Considering an Erdos Renyi random graph with $p = \frac{\lambda}{n}$ and $\lambda < 1$, I am trying to show that $ \frac{|C_{max}|}{log (n)} $ approaches $ \frac{1}{I_{\lambda}} $ in probability, where $|C_{max}|$ is the size of the largest component and $I_\lambda = \lambda -1 – log(\lambda)$.
So I should show that:
$$ \lim_{n \to \infty} P(|\frac{|C_{max}|}{log (n)} – \frac{1}{I_{\lambda}}| > \epsilon) = 0 $$
I think I should use the upper and lower bounds on the largest subcritical component, i.e. $P(|C_{max}|\ge a log(n)) = O(n^{-\delta})$ if $ a > \frac{1}{I_\lambda} $ and $P(|C_{max}|\le a log(n)) = O(n^{-\delta})$ if $ a < \frac{1}{I_\lambda} $, which means that $|C_{max}| \approx \frac{1}{I_\lambda}log(n)$. Then rewriting the equation above:
$$ \lim_{n \to \infty} P(||C_{max}| – \frac{1}{I_{\lambda}} log (n)| > \epsilon log (n)) = 0 $$
Then I should be able to use Chebyshev's inequality, but I'm not sure if this approach is valid until now and I don't know what the variance of $|C_{max}|$ is.
Best Answer
So you're not interested in proving those upper and lower bounds, just in using them to prove convergence in probability?
For that, you don't need any extra knowledge of the random graph.

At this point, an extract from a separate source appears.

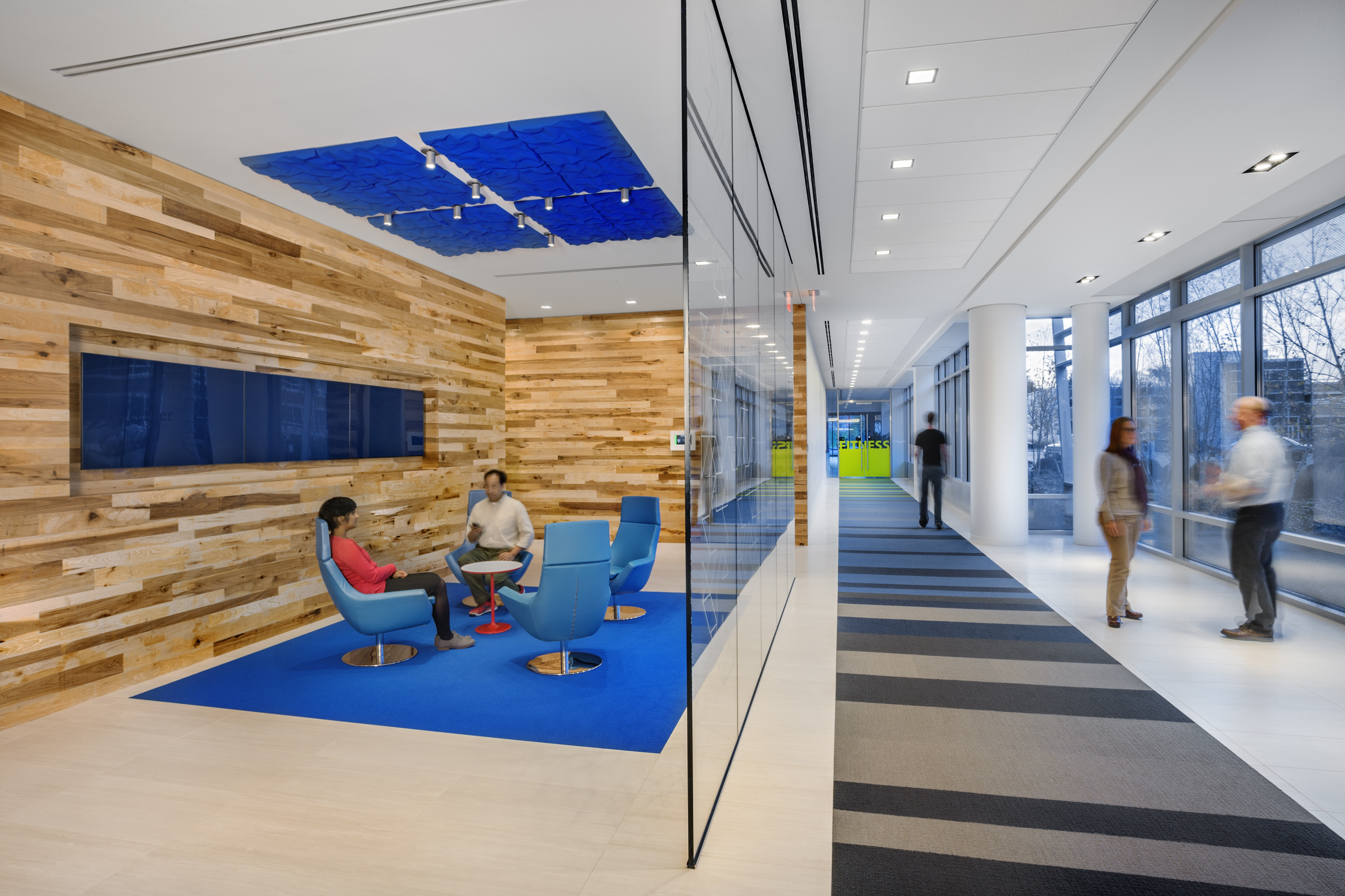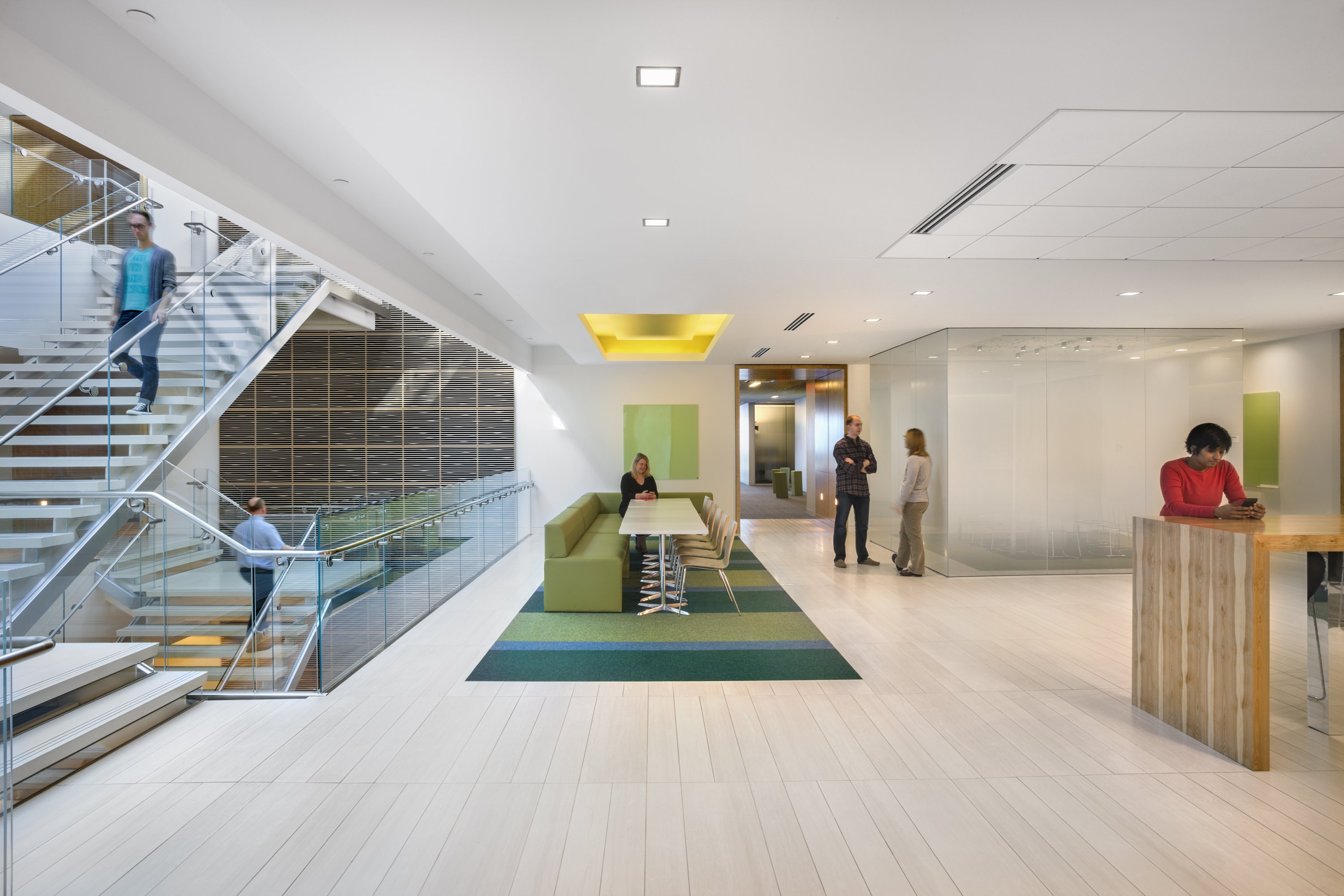 National Development worked for nearly a decade with MathWorks to provide development and construction management services for its campus expansion. The multiple phases included adding a fourth level to an existing precast garage, demolition of an existing 25,000 SF building, and new construction of a 176,000 square foot, four-story office building and a four level, 855-space parking garage. Additional scope included significant site work and landscaping efforts to create a park-like pedestrian “quad” area joining the new facilities to the existing three-building campus, and off-site road improvements along Route 9, including a new traffic signal. MathWorks new office space features the latest in sustainable office building design as well as specialized corporate amenities and an open, flexible floor plan that emphasizes collaboration and communication.

For any $\epsilon>0$, the first bound says that we have $$ \Pr[|C_{\max} > (\tfrac1{I_\lambda} + \epsilon)\log n] = O(n^{-\delta}) $$ (presumably for some $\delta>0$ depending on $\epsilon$) which we can rewrite as $$ \Pr\left[\frac{C_{\max}}{\log n} - \frac1{I_\lambda} > \epsilon\right] = O(n^{-\delta}) $$ and this goes to $0$ in the limit as $n \to \infty$. Similarly, the second bound tells us that $$ \Pr[|C_{\max}| < (\tfrac1{I_\lambda} - \epsilon)\log n] = O(n^{-\delta}) $$ and this can be rewritten as $$ \Pr\left[\frac{C_{\max}}{\log n} - \frac1{I_\lambda} < -\epsilon\right] = O(n^{-\delta}) $$ which also goes to $0$ in the limit as $n \to \infty$. Finally, the probability you were looking for, $$ \Pr\left[\left|\frac{C_{\max}}{\log n} -\frac1{I_\lambda}\right| > \epsilon\right], $$ is the sum of the two probabilities above, so its limit is also $0$.